- [GOAL OF THE EXERCISE]:
Repeat all of the records exactly, leaving out the pictures.

- [AVAILABLE DATA]:
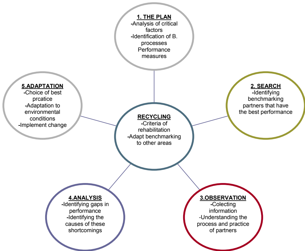
Figure 3. The Wheel of benchmarking process

process as “the wheel of process(Andersen, B. and Pettersen, P-G, 1996). benchmarking”, indicating that benchmarking is a continuous
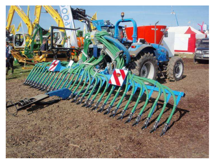
Figure 4. Umbilical system spreader The BHU Future Farming Centre www.bhu.org.nz

Trailing shoe and injection slurry applicators are substantial machines using pressure vessels and are therefore the most expensive means of applying biological / organic fertilisers. Also carrying the considerable amounts of ferment in tanks across fields can cause significant compaction. Umbilical spreading systems may therefore need to be used (Figure 4).
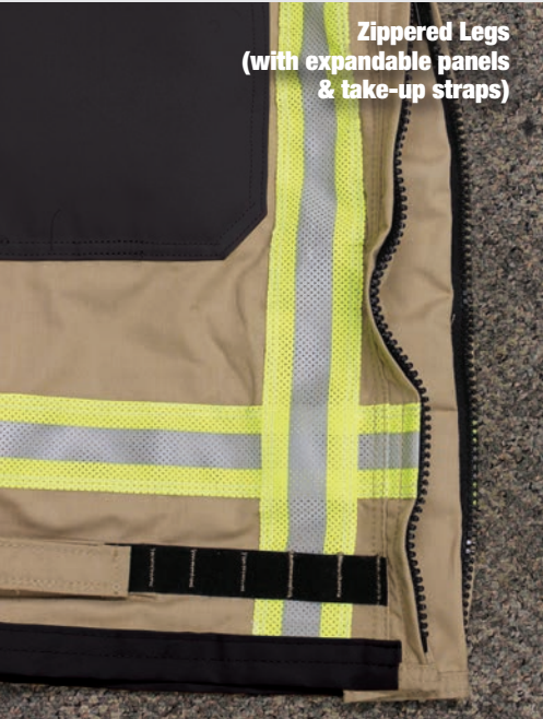
Zippered Legs (with expandable panels & take-up straps)

- [WRITTEN SOLUTION]:
Figure 3. The Wheel of benchmarking process

process as “the wheel of process(Andersen, B. and Pettersen, P-G, 1996). benchmarking”, indicating that benchmarking is a continuous
Figure 4. Umbilical system spreader The BHU Future Farming Centre www.bhu.org.nz

Trailing shoe and injection slurry applicators are substantial machines using pressure vessels and are therefore the most expensive means of applying biological / organic fertilisers. Also carrying the considerable amounts of ferment in tanks across fields can cause significant compaction. Umbilical spreading systems may therefore need to be used (Figure 4).
Zippered Legs (with expandable panels & take-up straps)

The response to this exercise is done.